Supplied material Start Marker

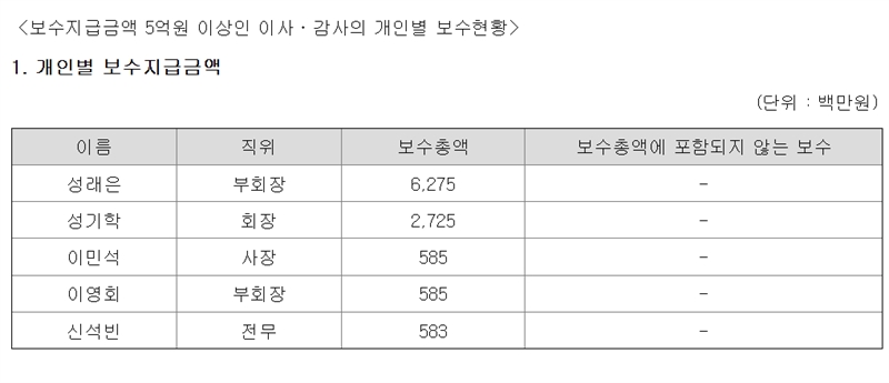 이 회사는 비상장이라 대표이사 연봉을 공시하지 않는다. 아직 작년 감사보고서도 내놓지 않고 있다. 2023년 감사보고서를 참조하면 그해 경영진급여 합계는 30억원이었다. 임직원수가 모두 15명에 불과한 회사라, 경영진은 성래은 대표 혼자일 가능성이 높다.
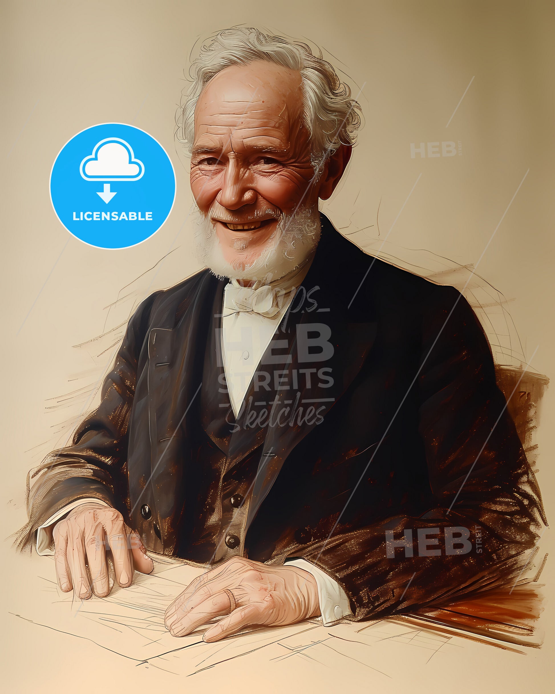Portrait of Paul Broca, 1824 - 1880, Physician and Anthropologist, Discovered Broca's area in the brain and made significant contributions to the field of anthropology. smiling. Vintage art illustration on bright beige paper background, sweeping overdrawn lines, subtile colored artwork, that captures the playful spirit and vivid imagination of modern art.
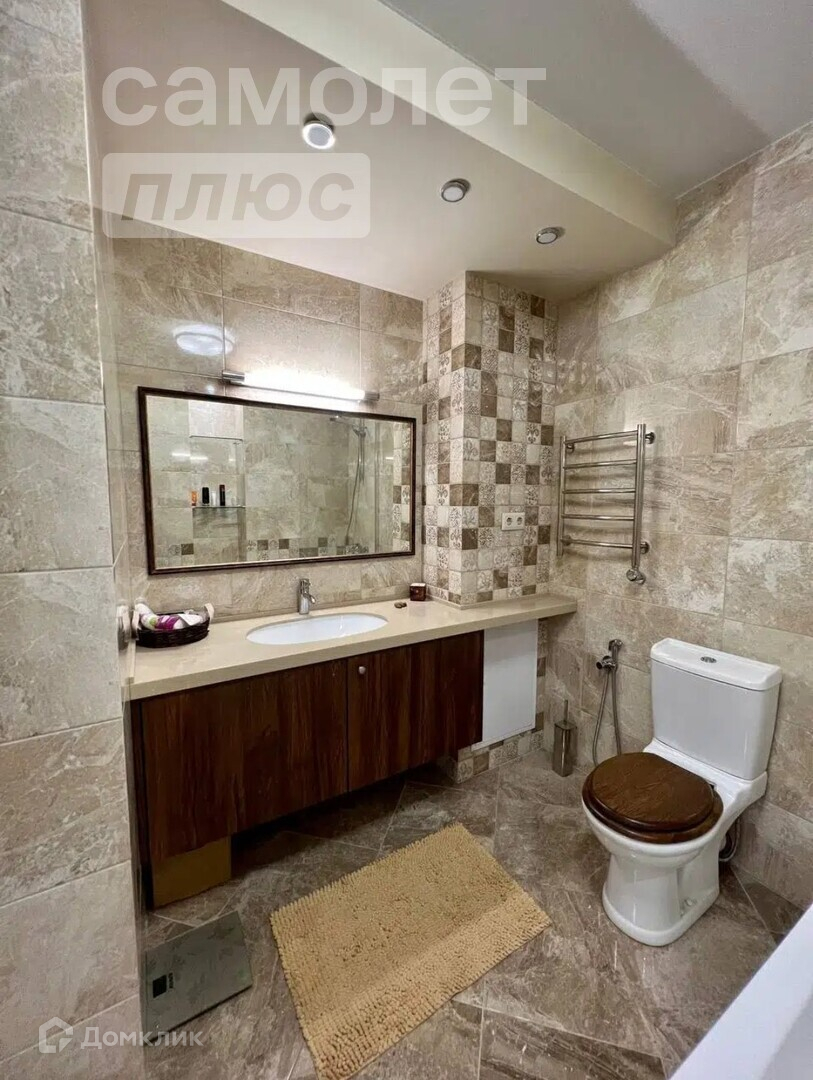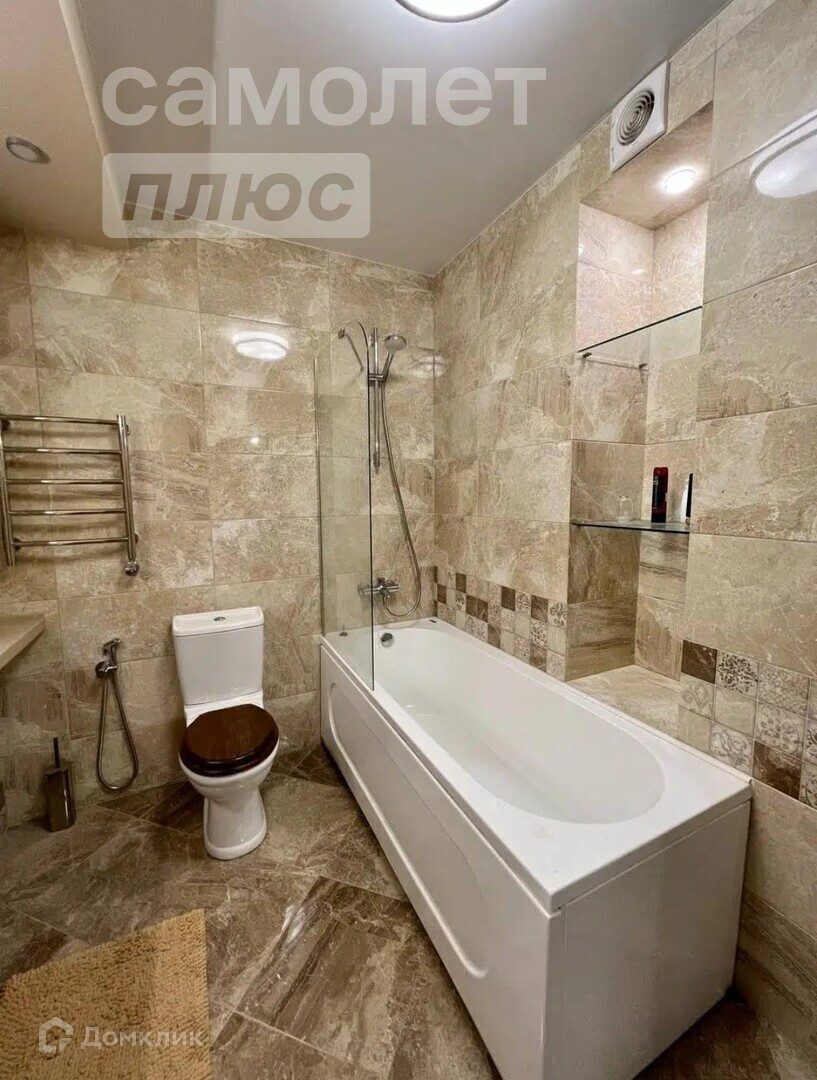 Санузел совмещенный 5,1 кв. м. с подогревом пола, предусмотрено место под водонагреватель.
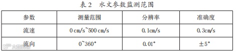 水文监测主要包括海水流速、流向和海水水质等。该系统采用海流测量仪,基于声学多普勒技术测量流速和流向,具有测量范围广、精度高、准确性强的特点,具体参数见表2。并且海流测量仪设计紧凑、坚固耐用、操作简单、无活动部件、抗生物附着性强,可采用船载固定支架进行布放。
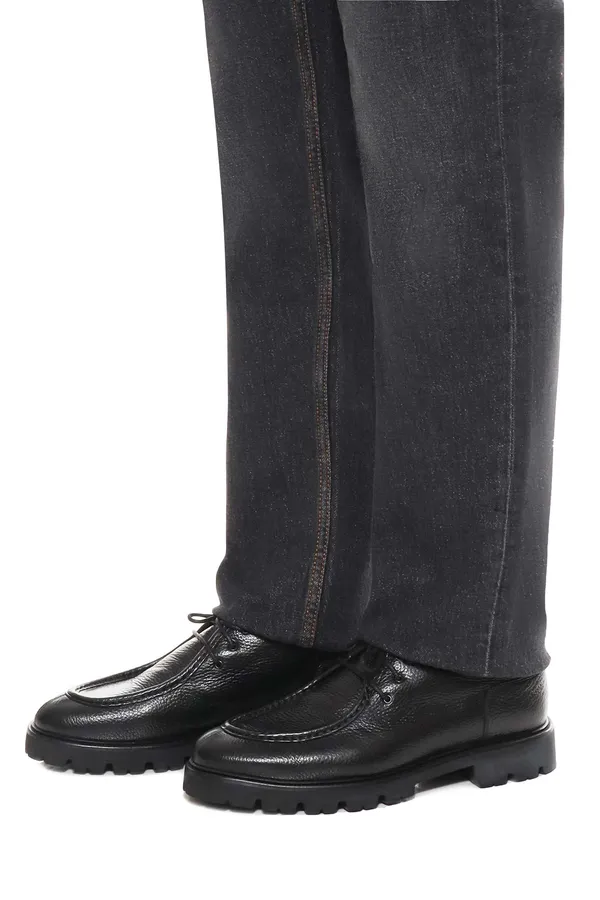 ТУФЛИ ЧЁРНЫЕ, ЗЕРНИСТАЯ КОЖА, ДЕКОРАТ.ШОВ, ШНУРКИ, ШЕРСТЬ, К=3,5

Supplied material End Marker

• **What you need to do**:
Please print exactly the lines from the one holding "水文监测主要包括海水流速、流" through the final line of the data above, including both, and skip all pictures.

• **Answer**:
 水文监测主要包括海水流速、流向和海水水质等。该系统采用海流测量仪,基于声学多普勒技术测量流速和流向,具有测量范围广、精度高、准确性强的特点,具体参数见表2。并且海流测量仪设计紧凑、坚固耐用、操作简单、无活动部件、抗生物附着性强,可采用船载固定支架进行布放。
 ТУФЛИ ЧЁРНЫЕ, ЗЕРНИСТАЯ КОЖА, ДЕКОРАТ.ШОВ, ШНУРКИ, ШЕРСТЬ, К=3,5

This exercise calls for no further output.